Tax and your body corporate

Its a jungle out there…

PIETERMARITZBURG – If there was any aspect of tax that filled me with fear and dread during the years I was doing articles, it was that of sectional title body corporates. The reason was that we were never quite sure how to calculate the exempt portion – and, to be honest, nor did our counterparts at the Receiver of Revenue (as the South African Revenue Service was known in those days).
Exemption of levy income
According to Sars Practice Note 26 dated March 26 2001, the section of the Income Tax Act that covers body corporates is Section 10(1)(e), which provides for the exemption of any profits derived solely from transactions with its members.
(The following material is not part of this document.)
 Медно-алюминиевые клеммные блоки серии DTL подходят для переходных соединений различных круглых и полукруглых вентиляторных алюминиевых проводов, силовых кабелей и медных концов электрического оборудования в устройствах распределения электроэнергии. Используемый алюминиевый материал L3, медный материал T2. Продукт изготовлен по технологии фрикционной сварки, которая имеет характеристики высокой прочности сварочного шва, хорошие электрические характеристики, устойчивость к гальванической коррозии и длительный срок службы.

Although this section, strictly speaking, was not applicable to body corporates prior to a 1999 amendment, it has been long-standing Sars practice to apply it to body corporates.
However, a difficulty that arose from the pre-amended Section 10(1)(e) was that while it exempted all income other than investment or trade income, it also stipulated that the tax position of such a body corporates should not be worse than if it were a tax-paying entity. This not only resulted in all sorts of horrific apportionment calculations, it also had the result of creating “”shadow losses”” in which what amounted to domestic housing expenditure ended up being set off against investment income.
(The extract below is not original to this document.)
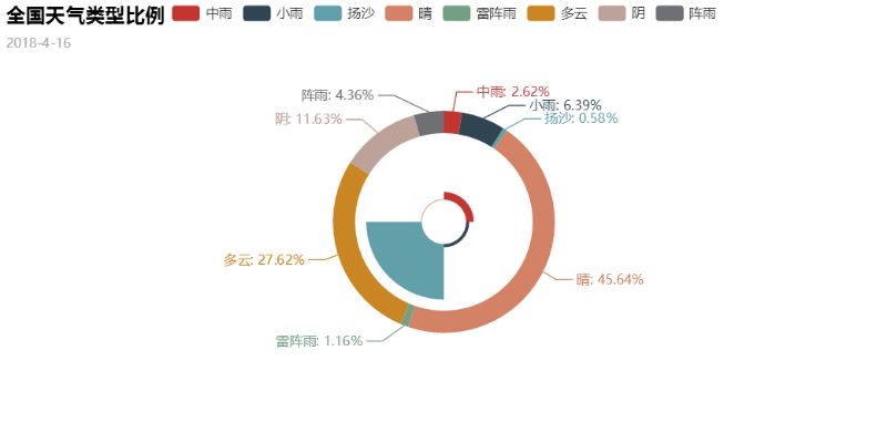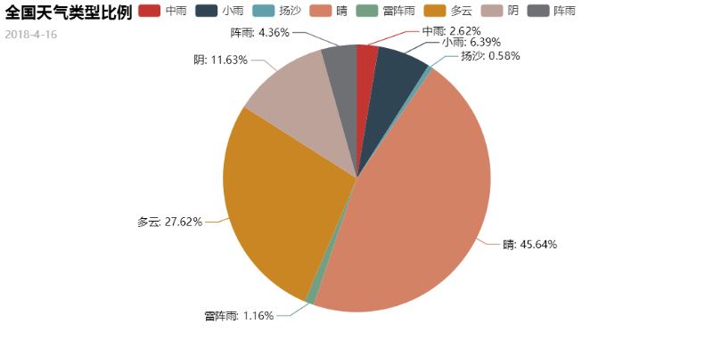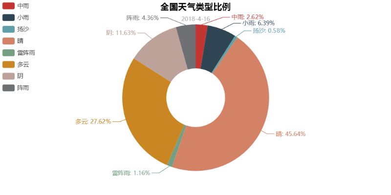 pie = pyecharts.Pie("全国天气类型比例", '2018-4-16')

The amended Section 10(1)(e) therefore removed this anomaly and codified the rules in a manner far simpler to understand, making the tax calculations more straight-forward. In terms of the amended section, Section 10(1)(e)(i) provides for the exemption of levy income received from sectional title body corporates members; while Section 10(1)(e)(ii) allows for similar exemption in the case of shareholders in a share block company.
Taxation of non-levy income
The Practice Note stipulates that while levy income is completely exempt from tax, all other income accruing to the body corporates is taxable at the corporate rate. Such additional income includes interest on surplus funds, as well as rental income (often arising where a body corporates has attached a unit as a result of non-payment of levies due by the owner concerned).
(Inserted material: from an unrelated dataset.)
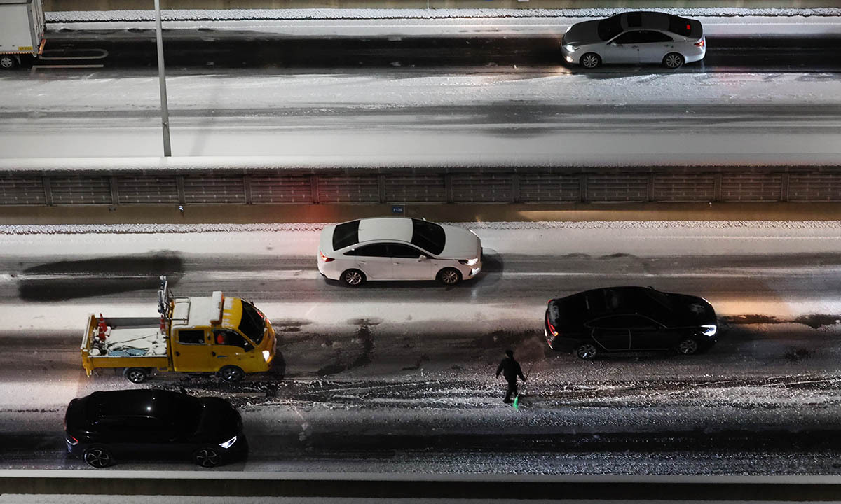4일 서울 서대문구 홍제동 내부순환로에서 차량이 얼어붙은 눈길에 서행하는 가운데 내부순환로에서 시설관리공단 관계자가 제설 작업을 하고 있다. 연합뉴스 |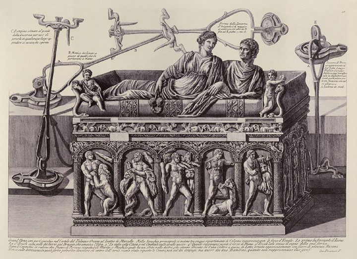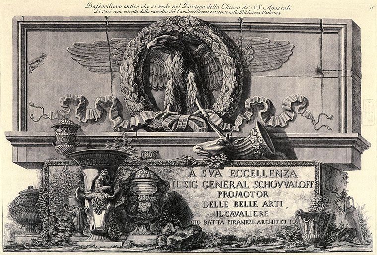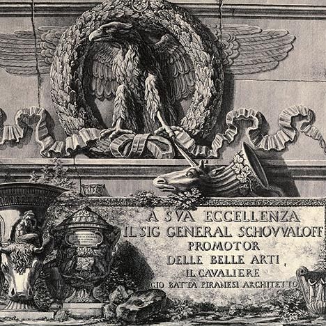 Piranesi je danes znan po svojem fantastičnem grafičnem ciklusu I Carceri. To pot ga spoznamo kot rezca arheoloških predmetov antičnega Rima, ki se z manj zgovornim gradivom izkaže za enako domiselnega aranžerja kompozicij in animatorja detajlov. Čeprav je bil namen takšnih grafičnih map utilitaren - dokumentcijski in pedagoški, je arhitekt in sijajni grafik tudi v to nalogo vlil tisto domišljijo neznanega, nenavadnega, zaradi katere ga je André Breton uvrstil v surrealistični panteon predhodnikov nadrealizma.

If the expenses of the body corporates that relate specifically to the running of the complex concerned happen to exceed the levy income received, such expenses may not be set off against investment or trade income, nor will any loss be created. However, the following exceptions to this rule apply:
• Expenses incurred directly in the production of the income concerned can be claimed as deductions against such income; and
• A proportional share of any audit and accounting fees, and bank charges, may be claimed against the taxable income. The calculation is based on the proportion of non-levy income to total income.
The Practice Note specifically states that so-called “”shadow losses”” (as outlined above) will no longer be taken into account as from the 1999 year of assessments. However, it is silent when it comes to loss incurred directly from trading activities (e.g. where a body corporates-owned units direct expenses exceed its rental income). It is therefore submitted that such losses can still be carried over for set-off against future non-levy income.
Ancillary services, penalties, and “”special levies””
A number of body corporates, particularly those in the hospitality industry, provide so-called “”ancillary services”” such as the hiring of equipment, use of gymnasium facilities, parking bay rental, etc. The Practice Note stipulates that income from such “”ancillary services”” do not constitute levy income and are thus subject to tax. However, any direct costs of providing such services can be claimed as a deduction against the income concerned.
Also, most body corporates raise some form of penalty for late payment, such as additional levies or interest. Such income is also taxable, since the income is regarded as being to compensate the body corporates for loss of income arising from the late payment, and not as a levy directly raised in order to cover body corporates expenditure.

However, the position is different with regard to “”special levies””. Although the Practice Note is silent on such levies, it is submitted that any levy that is raised in order to defray the normal costs of running and maintaining the building scheme concerned, whether termed “”capital expenditure levies””, “”special levies””, or otherwise, would fall within the ambit of the exemption.